This file, if exists, should follow the OpenDocument container format, and list every file in the bundle (except for the META-INF files). The main functionality provided by the manifest is to give the mime-type of individual data items, which are not required to have extensions. As a minimum the mime-type should distinguish between text/plain (UTF-8 text) and application/octet-stream (binary), but if the workflow definition or mime-magick like tool has guessed a more detailed mime type, it can be provided here.

Additionally the manifest may specify the file sizes, in general this can be useful when inspecting a larger data bundle remotely (exposed as a RESTful folder or similar).

The folder / represents the bundle itself, and must have the same mime type as in the file mimetype, ie. application/vnd.taverna.data-bundle. A different mime type might be used if the primary purpose of the archive is different from being a data bundle, for instance being a SCUFL2 workflow bundle.

Error documents must have the mime type application/vnd.taverna.error.

The other folders are not required to have a mimetype, but if desired these mime types can be used:

  • application/vnd.taverna.port-data for the outputs, inputs and other top-level data structure folders
  • application/vnd.taverna.list} for folders which are lists, like outputs/fish and outputs/soup/0

If there is no manifest in the bundle, all data value files should be treated to be binary application/octet-stream, unless they have one of these file extensions:

  • *.txt is text/plain in UTF-8 character set
  • *.err is application/vnd.taverna.error (RDF/XML in UTF-8)
  • outputs.rdf and similar in the root file is application/rdf+xml

Example manifest:

META-INF/container.xml

This file, if present, should point to the root data structure, typically outputs.rdf. Alternative representation of the same file are permitted, but tools will generally only use application/rdf+xml.

If the container file does not exist, and the bundle is of the mime type application/vnd.taverna.data-bundle, there must be only one folder except META-INF/ in the archive, which would be used together with the corresponding structure file. So if the folder contains fish/, fish.rdf and soup.rdf, then fish/ together with fish.rdf will be used.

The data structure file is optional, so the rootfile can contain an entry for the folder itself, which must be of the mime-type application/vnd.taverna.port-data.
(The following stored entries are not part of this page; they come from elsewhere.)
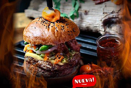 400 gr de carne casera, Chorizo argentino, Queso Manchego, Mayonesa de habanero, Guacamole, Chucrut de habanero con cebolla Chimichurri, Serranos a la parrilla.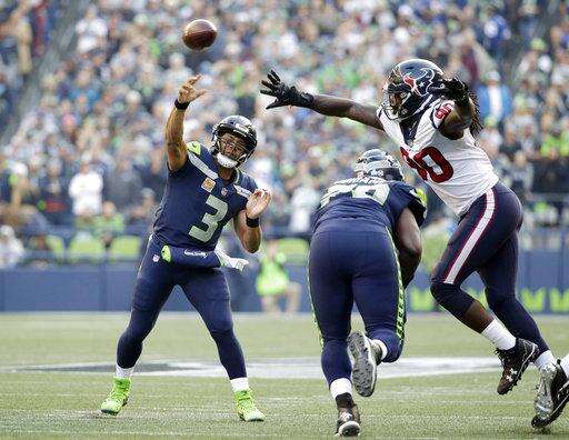 Seattle Seahawks quarterback Russell Wilson (3) passes under pressure from Houston Texans outside linebacker Jadeveon Clowney (90) in the second half of an NFL football game, Sunday, Oct. 29, 2017, in Seattle. (AP Photo/Elaine Thompson) The Associated Press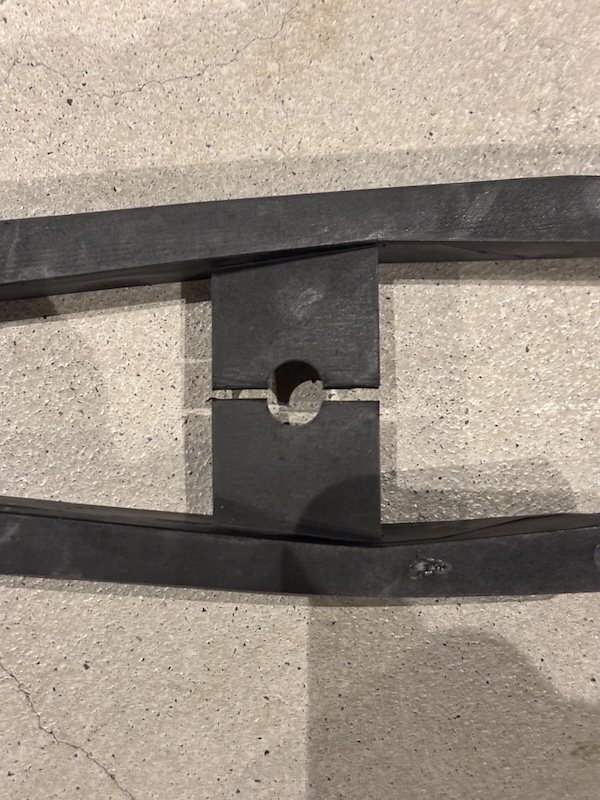 スイングアームを外さずに取り付けるため、固定用ボルト穴の中央部分にカッター等で切れ込みを入れて上下に開くようにします。スイングアームを跨いで取り付けるため必須となります。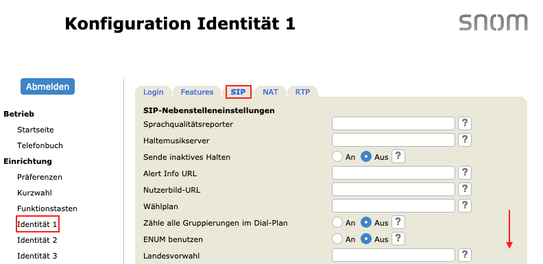 Wählen Sie nun den Reiter „SIP“ und scrollen Sie dort bitte ganz nach unten.

It is generally not required to list the folder if a rootfile in the required application/rdf+xml format is already given as a rootfile.

All rootfiles must be equivalent and describe the same data structure, although additional formats can include more or less information than the required format. There should be only one rootfile per media-type, and there must be only one rootfile for the media types application/rdf+xml and application/vnd.taverna.port-data

Example:

Port data folders: outputs/ inputs/ data/ */

The folder outputs/ contains the data for the workflow output ports. If the output port returned a list, a folder with the port's name will be present. Output ports of depth 0 (single values) will on the other hand be represented directly. So in this example outputs/fish is the list at port fish, while outputs/results is a single output for the port results.

This folder structure is required for a data-bundle, even if there is no ports (in which case the folder is empty).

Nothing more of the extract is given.